# Exercise prompt
All of the data should be given again word for word, though the images are to be left out.

# Information provided
━━━━━━━━━━━━━━━━

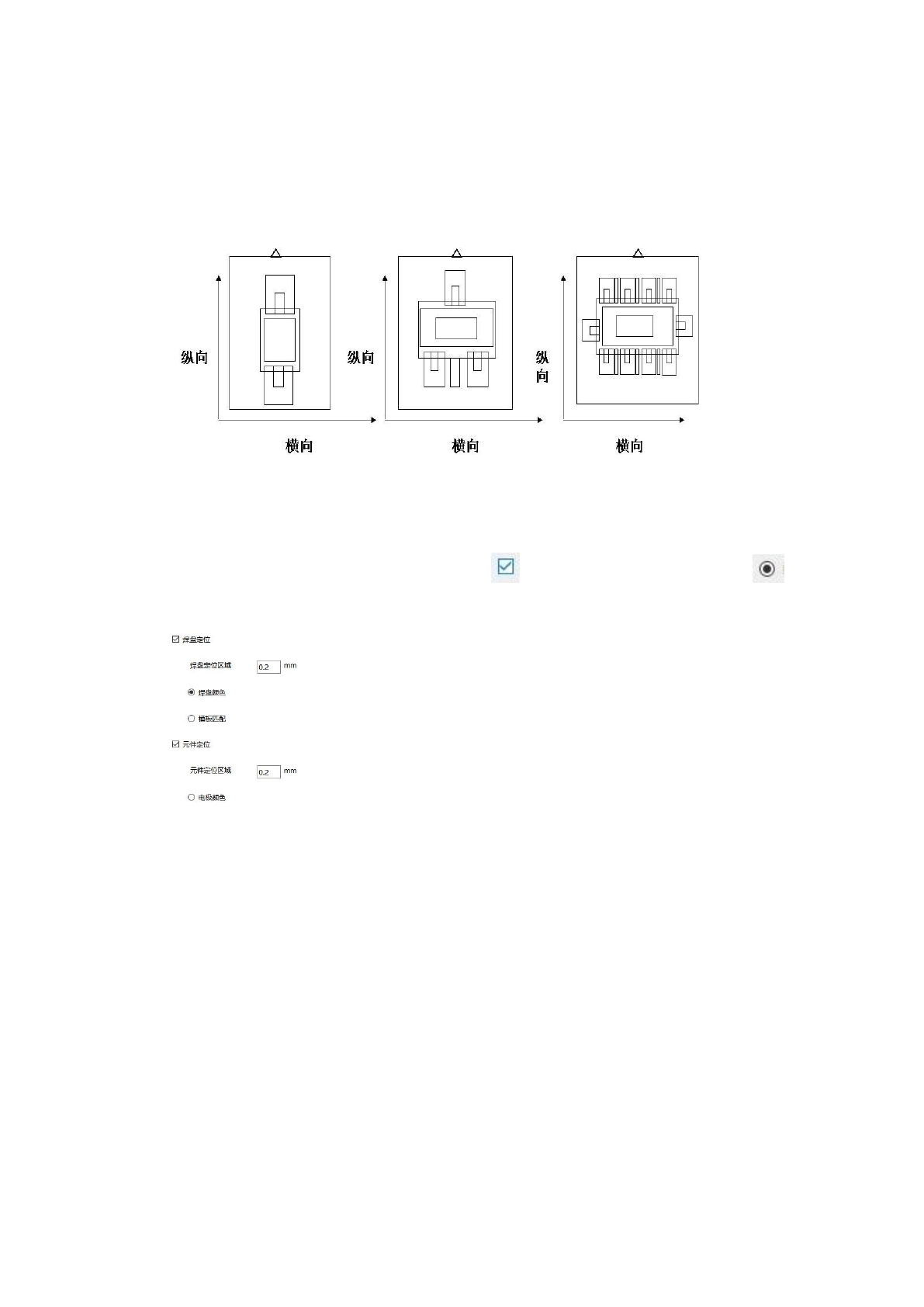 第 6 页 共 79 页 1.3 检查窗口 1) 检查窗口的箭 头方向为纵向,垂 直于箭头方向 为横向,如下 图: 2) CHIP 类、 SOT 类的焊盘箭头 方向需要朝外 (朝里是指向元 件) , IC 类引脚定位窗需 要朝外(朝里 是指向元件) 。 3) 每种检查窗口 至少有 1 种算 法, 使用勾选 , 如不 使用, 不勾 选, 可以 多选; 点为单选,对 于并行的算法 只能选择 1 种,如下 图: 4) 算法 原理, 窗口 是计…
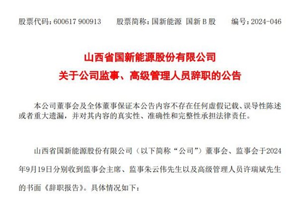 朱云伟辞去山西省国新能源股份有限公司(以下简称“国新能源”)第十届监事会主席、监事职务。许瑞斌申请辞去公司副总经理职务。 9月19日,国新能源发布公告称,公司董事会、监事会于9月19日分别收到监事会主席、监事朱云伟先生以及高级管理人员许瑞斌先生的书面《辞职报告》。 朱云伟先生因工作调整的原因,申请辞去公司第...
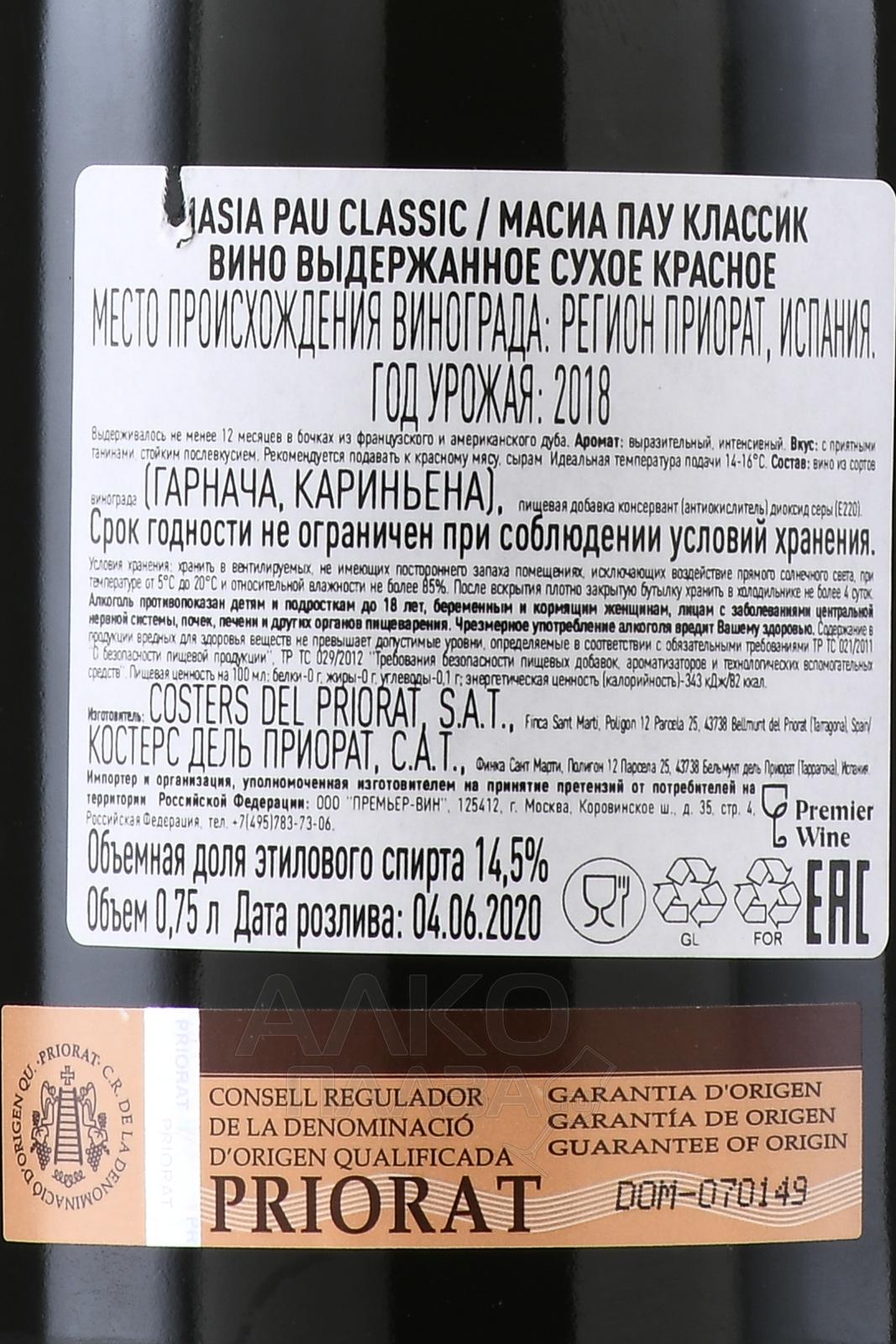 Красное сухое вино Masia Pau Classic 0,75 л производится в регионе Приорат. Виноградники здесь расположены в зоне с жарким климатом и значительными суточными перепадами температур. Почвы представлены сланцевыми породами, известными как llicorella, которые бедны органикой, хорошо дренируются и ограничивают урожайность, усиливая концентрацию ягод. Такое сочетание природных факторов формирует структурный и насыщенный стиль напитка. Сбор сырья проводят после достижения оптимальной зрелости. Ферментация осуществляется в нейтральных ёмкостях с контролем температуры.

━━━━━━━━━━━━━━━━

# Answer space
 第 6 页 共 79 页 1.3 检查窗口 1) 检查窗口的箭 头方向为纵向,垂 直于箭头方向 为横向,如下 图: 2) CHIP 类、 SOT 类的焊盘箭头 方向需要朝外 (朝里是指向元 件) , IC 类引脚定位窗需 要朝外(朝里 是指向元件) 。 3) 每种检查窗口 至少有 1 种算 法, 使用勾选 , 如不 使用, 不勾 选, 可以 多选; 点为单选,对 于并行的算法 只能选择 1 种,如下 图: 4) 算法 原理, 窗口 是计…
 朱云伟辞去山西省国新能源股份有限公司(以下简称“国新能源”)第十届监事会主席、监事职务。许瑞斌申请辞去公司副总经理职务。 9月19日,国新能源发布公告称,公司董事会、监事会于9月19日分别收到监事会主席、监事朱云伟先生以及高级管理人员许瑞斌先生的书面《辞职报告》。 朱云伟先生因工作调整的原因,申请辞去公司第...
 Красное сухое вино Masia Pau Classic 0,75 л производится в регионе Приорат. Виноградники здесь расположены в зоне с жарким климатом и значительными суточными перепадами температур. Почвы представлены сланцевыми породами, известными как llicorella, которые бедны органикой, хорошо дренируются и ограничивают урожайность, усиливая концентрацию ягод. Такое сочетание природных факторов формирует структурный и насыщенный стиль напитка. Сбор сырья проводят после достижения оптимальной зрелости. Ферментация осуществляется в нейтральных ёмкостях с контролем температуры.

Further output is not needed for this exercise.